From the Too-Big-To-Crowd: "The DOL's New Fiduciary Rule will destroy us – er, we mean – harm small investors!"
Greek Chorus: "It's the end of the world as we know it!"
From the Class-Action Crowd: "A victory for the plaintiffs in Tibble vs. Edison will open the floodgates to plan sponsor lawsuits."
Greek Chorus: "It's the end of the world as we know it!"
From the Washington Lobby Crowd: "Harmonize! Harmonize! Lest the Eagle of Regulation peck out your eyes!"
Greek Chorus (in pronounced harmony): "It's the end of the world as we know it!"
But, here's what I thought after listening to Fred: "What if the coming 'change' isn't really a change after all?"
Consider this: Already we're seeing that the DOL and the SEC have been working together. Also, the DOL is clearly doing the job it is assigned to do. It's not overreaching, as some have claimed.
The appearance of a Rube Goldberg-like regulatory process only seems that way because the regulatory process is, essentially, something akin to the imaginary contraptions of Rube Goldberg. All that's missing are the funny cartoon drawings. But that's not the DOL's fault. If anything, the fault lies in the Washington culture … but I digress.
But this faux-change gets even deeper. Although we haven't seen the actual wording of the DOL's proposal, we can read the tea leaves. It's likely to merely repeat what we already see for RIAs, complete with those awful (if you're a purist) exemptions, by extending those rules to brokers.
There are enough loopholes in the current rules to satisfy anyone intent on continuing the standard conflict-of-interest model they've profited from all these years. In fact, why call it the "Fiduciary Rule" when the "Fiduciary Swiss Cheese" might be more appropriate?
Even Tibble holds less promise than one would think. The conflicts-of-interest exposed in that case (and many others like it) have effectively educated plan sponsors. Today, few, if any, remain unaware of the potential personal fiduciary liability caused by these pricing tactics.
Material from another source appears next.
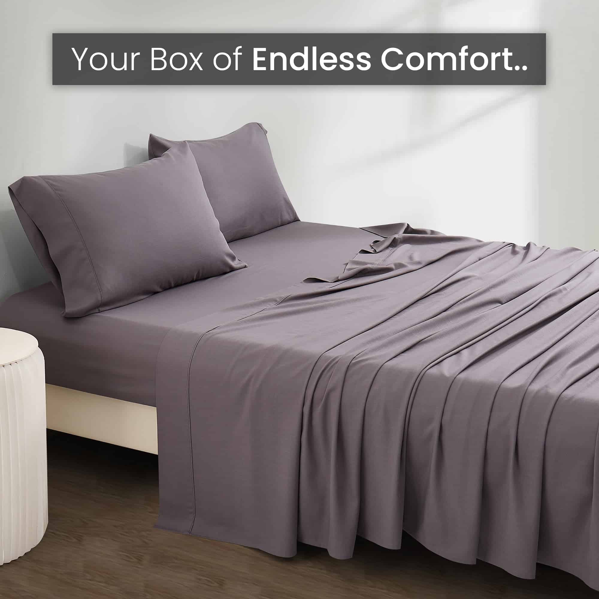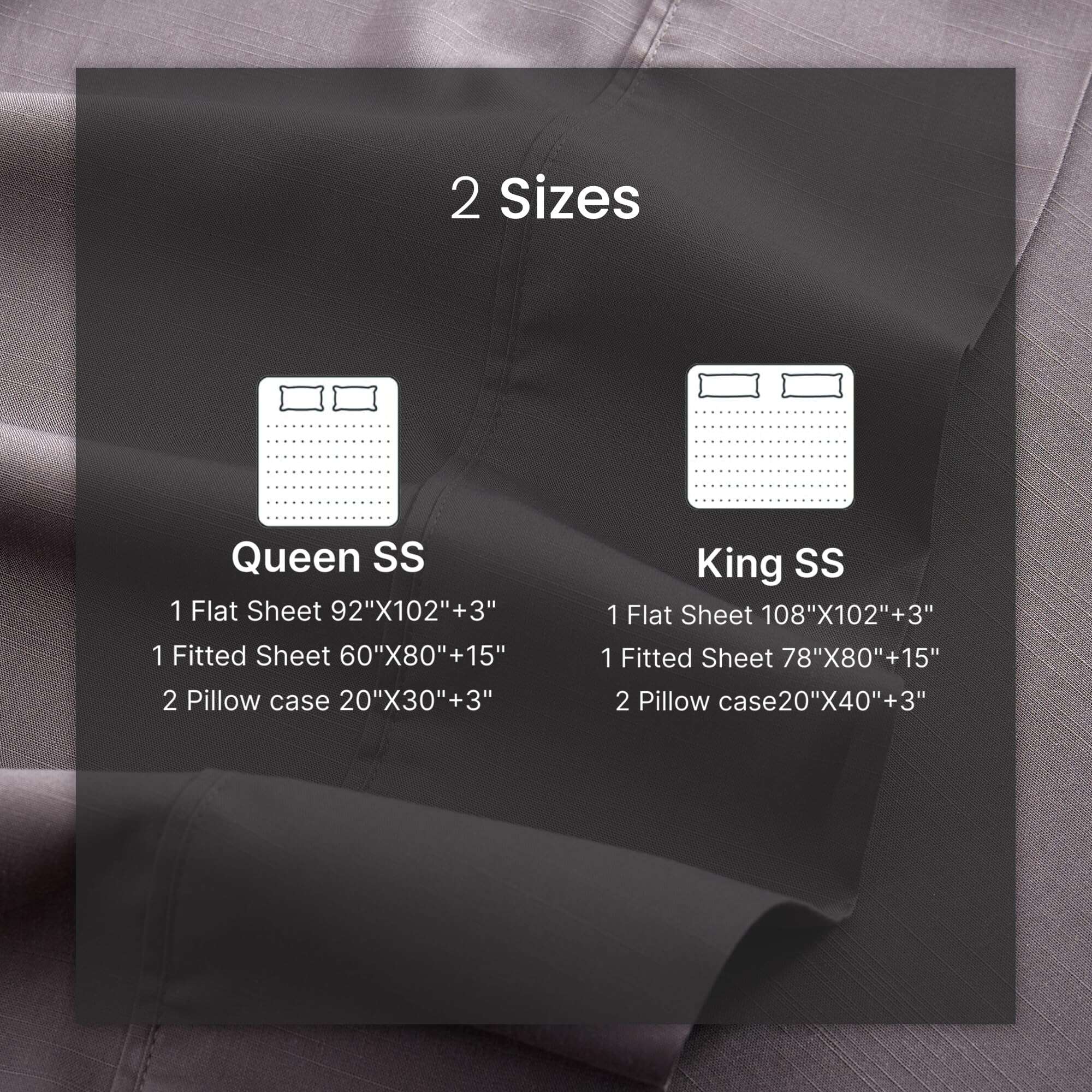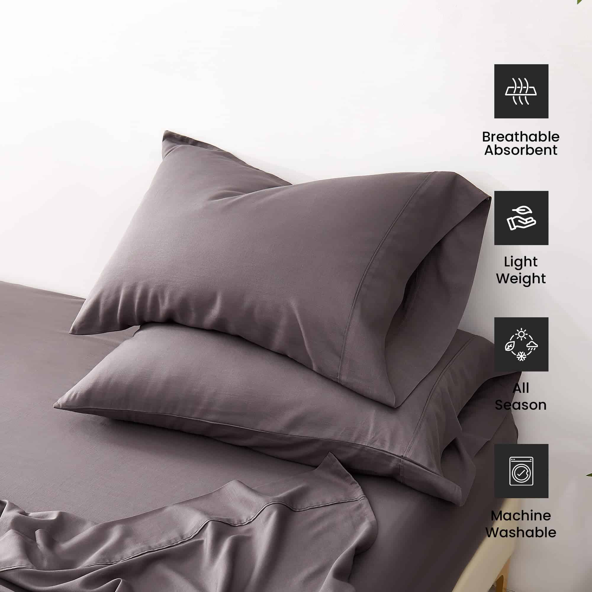 Este juego de sábanas de bambú y lino de la nueva temporada está hecho de 80% rayón y 20% lino, proporcionando comodidad y suavidad. Incluye una sábana ajustable con bolsillo profundo de 15″, una sábana plana y dos fundas de almohada. Disponible en tamaño Queen y en un elegante color gris ceniza.

That doesn't mean there are other ways to hide fees that plan sponsors have not yet discovered. It just means the low-hanging fruit for class-action attorneys may have already been fully harvested.
So, why do the various industry factions insist on arguing and worrying about these issues? There are, believe it or not, far bigger fish to fry.
But perhaps that's the entire point of this needless diversion.